The algorithm above is equal to an infinite points sampling of the supersampling algorithm.

Update: Just noticed that even Java appreciates your algorithm :)
AreaAveragingScaleFilter

I will start out by saying I don’t know an official name for your algorithm. I know that Paint Shop Pro called it “Bilinear” early on, but were forced to rename it to “Weighted Average” in version 8 when it was pointed out that the algorithm didn’t match the classic definition of Bilinear.

Most resizing algorithms can be applied in two independent passes, one in the X direction and one in the Y. This is not only more efficient, but it makes it a lot easier to describe and reason about the different algorithms. From this point forward I’m going to work in one dimension and assume you can extrapolate to 2D.

Your input consists of 7 pixels which we will give coordinates of 0, 1, 2, 3, 4, 5, 6. It’s useful to realize that a pixel is not a little square in this context, but is just a single point. To create the output you will want the interpolated values from the points 0.2, 1.6, 3.0, 4.4, 5.8. Why not 0.0, 1.5, 3.0, 4.5, 6.0? Suppose you doubled the size of the input and output to 14x14 and 10x10: the coordinates would now be 0.0, 1.44, 2.89, 4.33, 5.78, 7.22, 8.67, 10.11, 11.56, 13.0. Starting with the second pixel the results would be different, and that’s unacceptable. All the points should be 7/5 apart, giving the coordinates 0.2, 1.6, 3.0, 4.4, 5.8, 7.2, 8.6, 10.0, 11.4, 12.8.

Let’s compare the common resizing algorithms when expressed as a filter, and see how they compare to yours.

This first example in the generic form is called a Box or Averaging filter. But a magical thing happens when the width of the box filter is exactly 1.0: one pixel from the input is going to fall within the box and be given a weight of 1.0, and all the other pixels in the input will be given the weight 0.0. This makes it the equivalent of the Nearest Neighbor algorithm.

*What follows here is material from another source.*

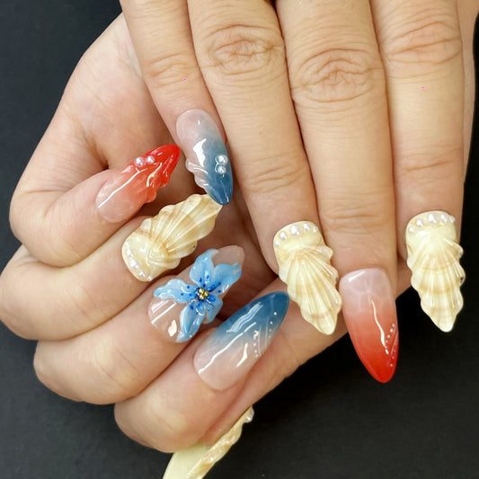 Summer Vacation Press-On Nails – Almond Shape with Seashell Accents, Pearls & Floral Designs in Red/Blue/Yellow-Gree(K4)

Our second example is generically called the Tent filter. Again it becomes something special when the width is exactly 2.0, it becomes a Linear interpolation; applied in 2D it’s called Bilinear.

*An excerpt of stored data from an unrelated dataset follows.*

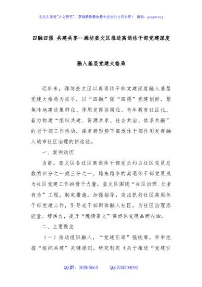 / 四融四强 共建共享--潍坊奎文区推进离退休干部党建深度融入基层党建大格局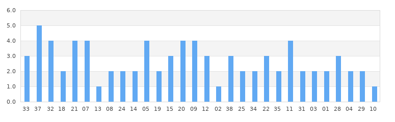 | 2025年 [ 06 ]號球開出的歷史記錄 |
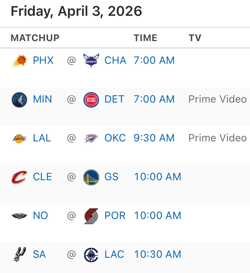 森林狼vs活塞,湖人vs雷霆(全美直播),马刺vs快船

The third example is a Cubic filter, which when applied in 2D is called Bicubic. There are different variations of this formula, this example uses the one suggested by Mitchell and Netravali.

While the Gaussian filter isn’t often used in resizing applications, I added it here for comparison.

Finally we reach your algorithm. It’s a combination of averaging and bilinear, a tent with a flat top.